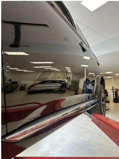
1.2 Noen små p-bulker i begge dører foran
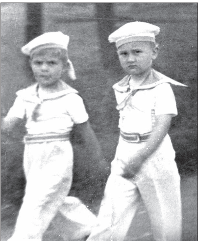
Dziecko 2 (z prawej)

Miałem chyba sześć lat, kiedy losy rzuciły mnie z Wędryni do Ostrawy. Lekarze skierowali mnie do szpitala na Fifejdach. Byłem poddany określonym zabiegom medycznym i lekarze doszli do wniosku, że jestem zdrowy. Dość nieoczekiwanie
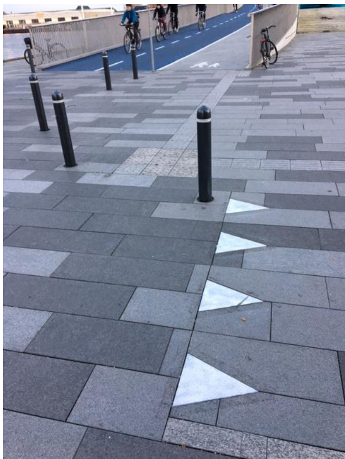
Havnegade ved Nyhavn og brolandingen.
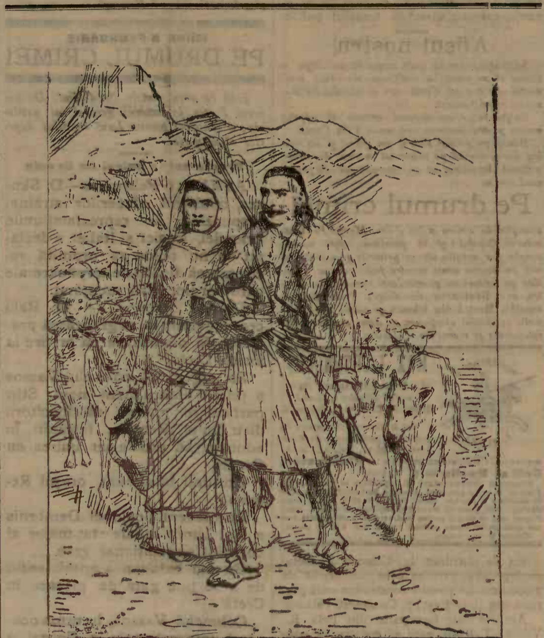
Tipuri din Creta

Și Germania a trimis un vapor de război la Creta. Comandantul vaporului german a primit de la im-
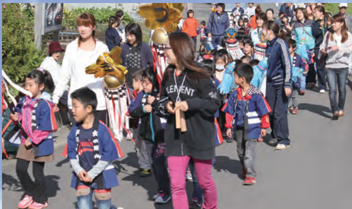
乙供駅周辺で火災予防を呼びかけました

上北地区は、雨天のためふれあいドーム上北で出発式だけを実施。園児が「火遊びば絶対にしません」などと、元気に火の用心を約束しました。
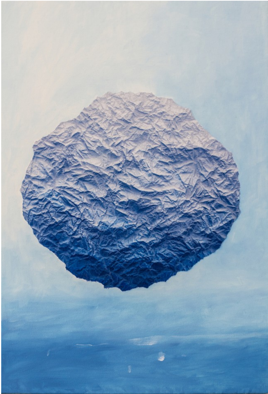
"I et seguire? tot d'una", 2017-2018
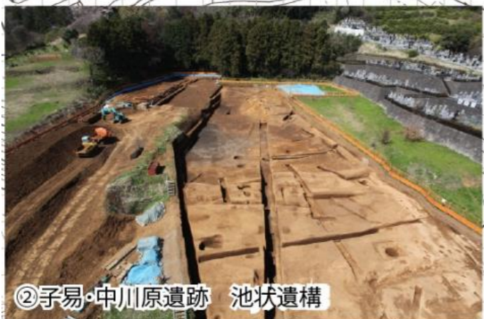
②子易・中川原遺跡 池状遺構
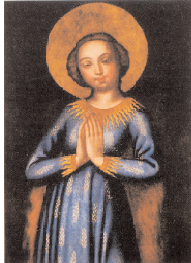
Ährenmadonna in der Gartenkapelle von Maria Sorg

So ist es nicht verwunderlich, dass sie die besondere Verehrung des Heiligen Geistes auch für ihre Schwestern in die Konstitutionen der Kongregation aufnahm ebenso wie die Verehrung für das Heiligste Herz Jesu, aus dem ihre Schwestern "eine brennende Liebe zum Nächsten und einen lebendigen übernatürlichen Eifer für die Ausbreitung des Gottesreiches" schöpfen sollten.
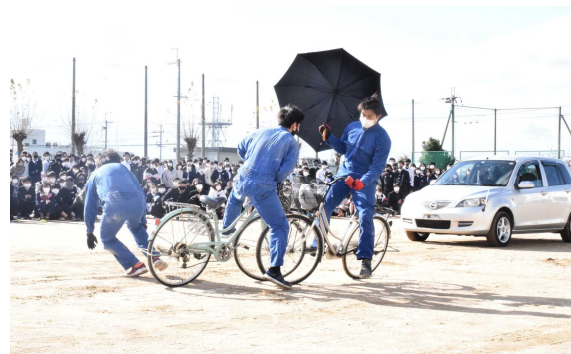
自転車同士の正面衝突事故の実演
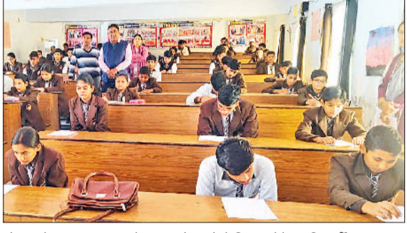
लोहारू के टुकराल स्कूल में भारत को जानो में हिस्सा लेते हुए विद्यार्थी।
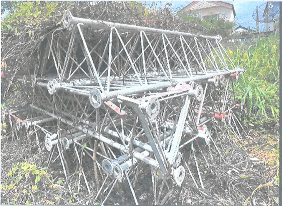
รูปภาพ (กลุ่มที่ 2)
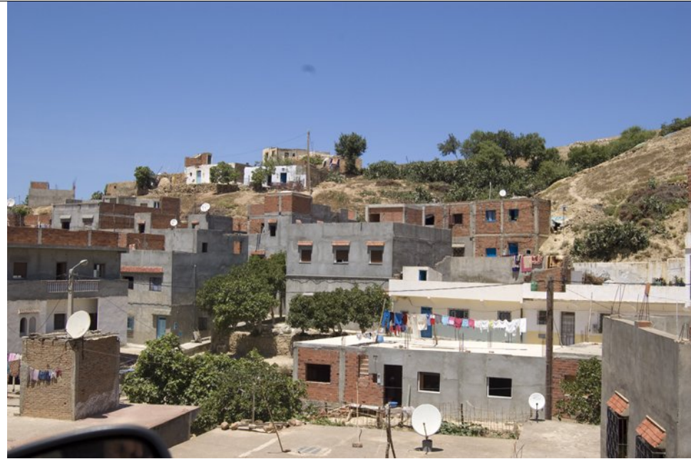
L'autre coté sud du centre de Jebha montre une sous administration urbanistique De même le rejet des eaux usées directement dans le port nuit largement aux atouts touristique et la qualité de vie dans ce centre pourtant assez fréquenté par les touristes
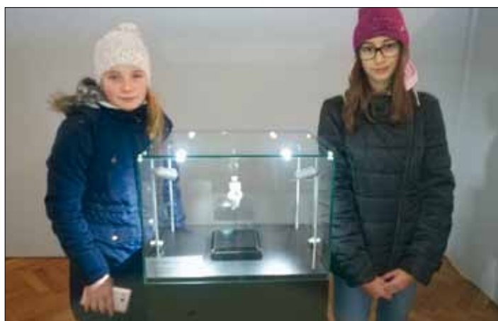
„Strážkyně“ kopie drahocenné památky.
○ ○ ○ ○ ○
* **EXERCISE BRIEF**
Retype the line containing "自転車同士の正面衝突事故の実演" and all lines after it through the end of the material, exactly and only those, leaving out pictures.

* **RESULT**
自転車同士の正面衝突事故の実演
लोहारू के टुकराल स्कूल में भारत को जानो में हिस्सा लेते हुए विद्यार्थी।
รูปภาพ (กลุ่มที่ 2)
L'autre coté sud du centre de Jebha montre une sous administration urbanistique De même le rejet des eaux usées directement dans le port nuit largement aux atouts touristique et la qualité de vie dans ce centre pourtant assez fréquenté par les touristes
„Strážkyně“ kopie drahocenné památky.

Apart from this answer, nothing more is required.